Cannabis Use Disorder and Subsequent Risk of Psychotic and Nonpsychotic Unipolar Depression and Bipolar Disorder


Importance:

Cannabis use is increasing worldwide and is suspected to be associated with increased risk of psychiatric disorders; however, the association with affective disorders has been insufficiently studied.


Objective:

To examine whether cannabis use disorder (CUD) is associated with an increased risk of psychotic and nonpsychotic unipolar depression and bipolar disorder and to compare associations of CUD with psychotic and nonpsychotic subtypes of these diagnoses.


Design, setting, and participants:

This prospective, population-based cohort study using Danish nationwide registers included all individuals born in Denmark before December 31, 2005, who were alive, aged at least 16 years, and living in Denmark between January 1, 1995, and December 31, 2021.


Exposure:

Register-based diagnosis of CUD.


Main outcome and measures:

The main outcome was register-based diagnosis of psychotic or nonpsychotic unipolar depression or bipolar disorder.
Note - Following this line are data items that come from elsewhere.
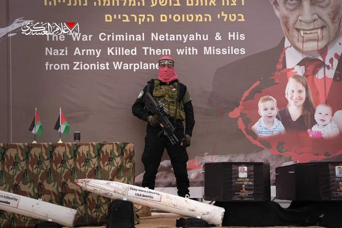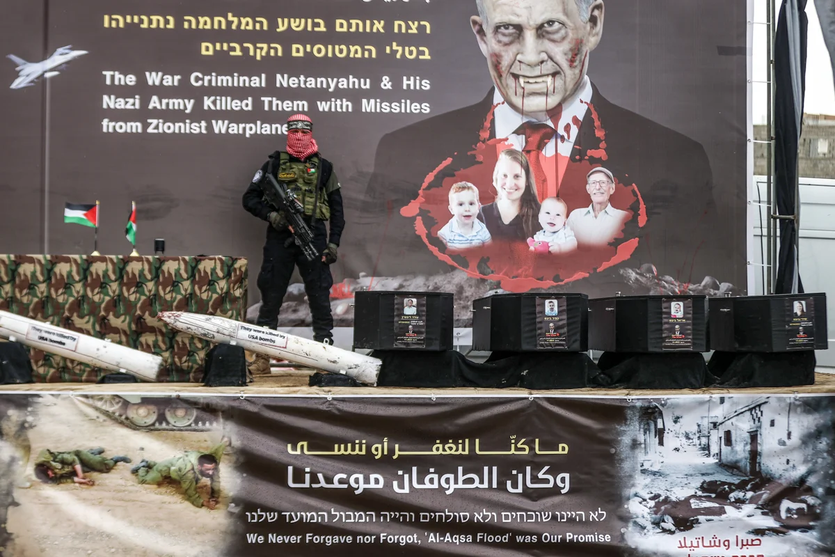 Os corpos da família Bibas (três membros) e Oded Lifshitz são entregues às equipes da Cruz Vermelha no cemitério municipal de Bani Suheila
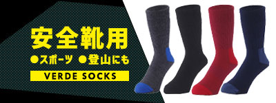 定番人気!安全靴専用の靴下『ベルデソックス』。つま先やかかとに強度を持たせて破れにくい仕様になっており、普段使いでも使える靴下です。
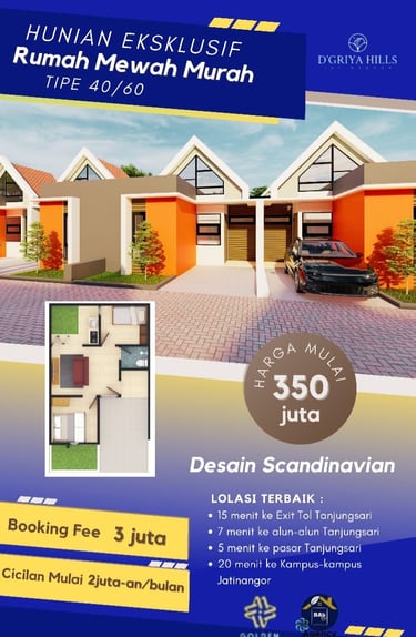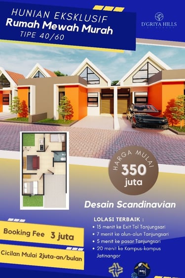 Dijual sebuah rumah perumahan D'Griya Hills, Jatinangor, Sumedang. Perumahan dengan lokasi strategis dengan konsep scandinavian modern dan cocok untuk anda yang menginginkan hunian modern ala Eropa sekaligus berada di lingkungan yang asri dan sejuk.
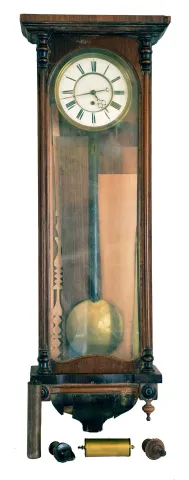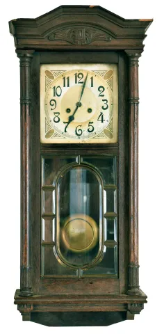 Clocks- 6 (Six) wall hanging: (1) Time only Vienna regulator in walnut case, c1890; (2) German chiming spring driven box clock, c1960; (3) partial German time and strike spring driven, c1900; (4) French baker's clock, c1890; (5) German time and strike spring driven box clock, c1910; (6) German chiming spring driven box clock, c1930 clocks are in various states, from significant restoration needed to ready to hang. Sold "as is".

Associations between CUD and subsequent affective disorders were estimated as hazard ratios (HRs) using Cox proportional hazards regression with time-varying information on CUD, adjusting for sex; alcohol use disorder; substance use disorder; having been born in Denmark; calendar year; parental educational level (highest attained); parental cannabis, alcohol, or substance use disorders; and parental affective disorders.


Results:

A total of 6 651 765 individuals (50.3% female) were followed up for 119 526 786 person-years. Cannabis use disorder was associated with an increased risk of unipolar depression (HR, 1.84; 95% CI, 1.78-1.90), psychotic unipolar depression (HR, 1.97; 95% CI, 1.73-2.25), and nonpsychotic unipolar depression (HR, 1.83; 95% CI, 1.77-1.89). Cannabis use was associated with an increased risk of bipolar disorder in men (HR, 2.96; 95% CI, 2.73-3.21) and women (HR, 2.54; 95% CI, 2.31-2.80), psychotic bipolar disorder (HR, 4.05; 95% CI, 3.52-4.65), and nonpsychotic bipolar disorder in men (HR, 2.96; 95% CI, 2.73-3.21) and women (HR, 2.60; 95% CI, 2.36-2.85). Cannabis use disorder was associated with higher risk for psychotic than nonpsychotic subtypes of bipolar disorder (relative HR, 1.48; 95% CI, 1.21-1.81) but not unipolar depression (relative HR, 1.08; 95% CI, 0.92-1.27).


Conclusions and relevance:

This population-based cohort study found that CUD was associated with an increased risk of psychotic and nonpsychotic bipolar disorder and unipolar depression. These findings may inform policies regarding the legal status and control of cannabis use.